MessagePack vs TOON: Binary Wire Formats vs LLM-Readable Tokens
MessagePack is about half the size of JSON on the wire—but binary formats Base64-bloat inside LLM prompts. Here's why TOON wins for prompts and MessagePack wins for transport.
MessagePack wins on the network: it is roughly 37% smaller than JSON uncompressed and keeps bytes off the wire. TOON wins inside the prompt: 39.9% fewer tokens with equal or better retrieval accuracy. They are not competing for the same job. MessagePack optimizes transport; TOON optimizes the LLM context window. Use both.
What Problem Does Each Format Actually Solve?
MessagePack (and its cousin BSON) were designed to replace JSON on the wire. They encode the same key-value structure as JSON but in a compact binary representation. The result is smaller payloads between services, faster inter-process communication, and lower storage overhead.
TOON was designed for a completely different layer: the LLM context window. It is a text format that declares field names once in a header and then emits only values per row — collapsing the repetitive key-and-brace overhead that JSON pays on every object in an array. The official toonformat.dev benchmarks (5,016 LLM calls, 209 questions, six formats, four models) show TOON achieving 76.4% retrieval accuracy while using 39.9% fewer tokens than JSON — 27.7 accuracy-points per thousand tokens versus JSON's 16.4.

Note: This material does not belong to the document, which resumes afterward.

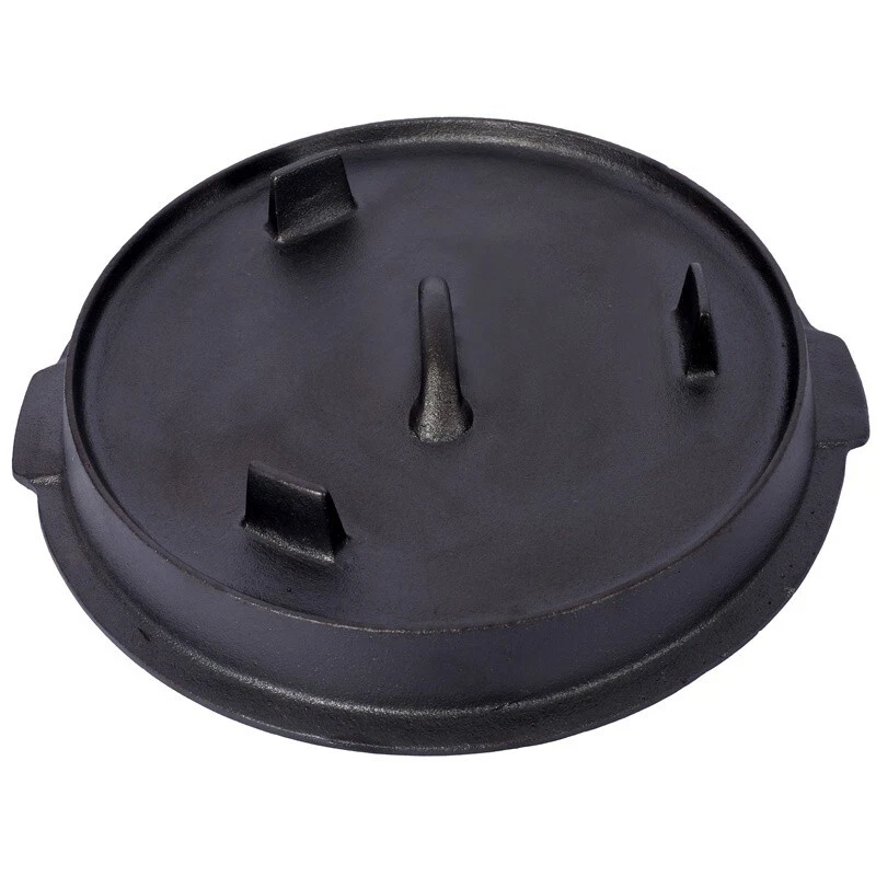 Features and Details: Crafted to endure the harshest of outdoor conditions, this is a camping essential. Whether you're simmering a hearty stew over an open campfire, baking a delicious cobbler in hot coals, or slow-cooking a savory meal during your wilderness escapades, this Dutch oven's excellent heat retention and even distribution ensure culinary success every time. It's the ultimate companion for creating unforgettable camping feasts. The Dutch oven's ingeniously designed lid is a true marvel of functionality. Fitted with sturdy legs, it seamlessly transforms into a skillet or griddle, unlocking a whole new realm of culinary possibilities during your camping trips. Whether you're craving crispy bacon for breakfast, searing succulent steaks for dinner, or flipping fluffy pancakes under the open sky, this dual - purpose lid has you covered. Designed with convenience at its core, this cast iron Dutch oven features a robust built-in carrying handle, enabling you to effortlessly tote it from your vehicle to the campsite. Moreover, the oven can be securely suspended from a tripod stand on level surfaces, providing you with unparalleled flexibility in your cooking setup. That's why we include a specialized dutch oven lid lifter, engineered to ensure a secure and hassle - free experience when handling hot lids. This essential accessory minimizes the risk of burns and accidental spills, allowing you to confidently maneuver the lid while cooking. Specification: Color: Black Main Material: Iron Product Dimensions:10.6"L×11"W×6"H Product Weight (lbs.): 13.5

The confusion arises because both formats shrink something. But what they shrink is different: MessagePack shrinks bytes on the wire; TOON shrinks tokens in the prompt. Those are measured in different units and optimized for different bottlenecks.
Why MessagePack Cannot Go Directly Into an LLM Prompt
LLM APIs — including OpenAI, Anthropic, Google, and every hosted inference endpoint — accept text. They do not accept binary payloads embedded in the message body. If you want to pass MessagePack-encoded data to a model, you must first Base64-encode the bytes into an ASCII-safe string.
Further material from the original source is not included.